Ryanair and Michael O’Leary Flying Solo

Ryanair stands as an outlier amidst the consolidation trend within the airline industry as the firm, led by CEO Michael O’Leary, has firmly rejected the idea of engaging in deal-making. Instead, O’Leary has plans to focus on organic growth, implementing significant fare reductions and acquiring new aircrafts.

Although Ryanair participated in mergers and acquisitions in the past, with the acquisition of Buzz in 2003 and Lauda in 2019, O’Leary openly expressed his discontent with the two deals labelling them as “a pain in the arse.” In his perspective, acquiring other carriers is challenging from a cost point of view as it takes several years to “tidy up someone else’s mess”. CEO O’Leary has also mentioned the regulatory challenges associated with acquisition activities. Ryanair’s multiple attempts to acquire Aer Lingus faced repeated denials, primarily due to regulatory issues and concerns. The European Commission intervened twice, in 2006 and 2012, blocking Ryanair’s attempts to increase its stake in Aer Lingus on antitrust grounds, while in 2008, a cash bid of €748 million, reflecting a 28% premium, was rejected by shareholders. “Most M&A in the case of Ryanair gets blocked by the European Commission,” O’Leary said, complaining that legacy carriers have not been subject to the same barriers in their acquisitions activity.

Despite O’Leary’s aversion to mergers and acquisitions, he believes that Europe is inevitably heading toward a trajectory similar to North America. According to him, the region will see the emergence of three major high-fare connecting carriers—Air France-KLM, Lufthansa, and IAG—and one large low-cost carrier—Ryanair. He, in fact, predicts that a widening gap in costs will make Ryanair’s rivals EasyJet and Wizz takeover targets for the three high-fare carriers.
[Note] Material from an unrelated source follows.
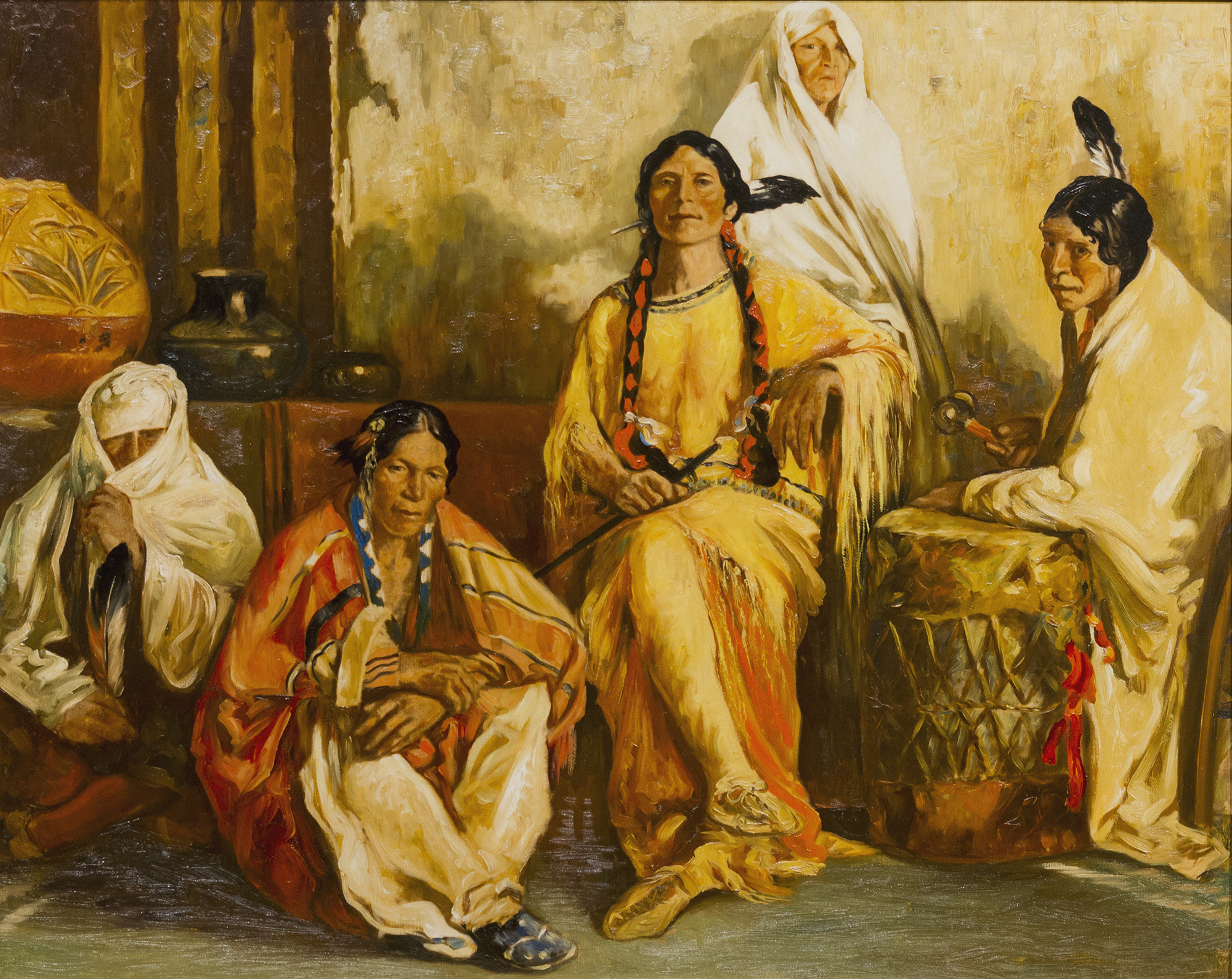 Still showing aesthetic curiosity, Rolshoven ventured to Northern Africa in 1910 and later executed a series of Tunisian paintings. The University of New Mexico has his Tunisian Bedouins (see Ackerman, 1994). Rolshoven fled France during the war years (1914-18). He visited the Panama-Pacific International Exposition in 1915 where he exhibited an Italian scene. The painter remarried a year later and discovered another exotic area, Taos, New Mexico, where he set up a studio and painted Southwestern Indian themes, for which he is well known. Rolshoven was elected an associate of the Taos Society of Artists in 1917. Two years later, he revisited Florence but returned to Taos regularly until his death in New York City, on December 7, 1930. There was a certain classicism in Rolshoven’s late period, for example, Donna Tosca, exhibited at the NAD in 1926. The elegant pose brings to mind the statuesque sitters of Sir Joshua Reynolds and the tight brushwork seems to represent a new direction for a former “Duveneck Boy.”

The transformation of the airline industry, evident in both the United States and Europe, reflects a dynamic interplay of mergers, regulatory shifts and economic challenges. In the U.S., consolidation led by Southwest, Delta, United and American Airlines resulted in an increasingly concentrated market, driving the profitability of these firms. The success narrative, however, comes with a mixed bag of effects, impacting consumer choice, airfares and regional air travel. Europe, albeit later to the consolidation game, is now attempting mergers with Air-France KLM, Lufthansa and IAG at the forefront. Concerns over competition and national identity accompany this trend and consolidation will certainly not be immune to scrutiny from antitrust authorities, especially considering the hyperactive European Commission of late. Ryanair, under CEO Michael O’Leary, defies the consolidation wave, focusing on organic growth amid regulatory hurdles. As we observe the skies of change, the industry grapples with a delicate balance between market concentration, profitability and consumer interests. The trajectories of both American and European carriers hint at a future where strategic choices will define success amidst a turbulent yet transformative air travel landscape.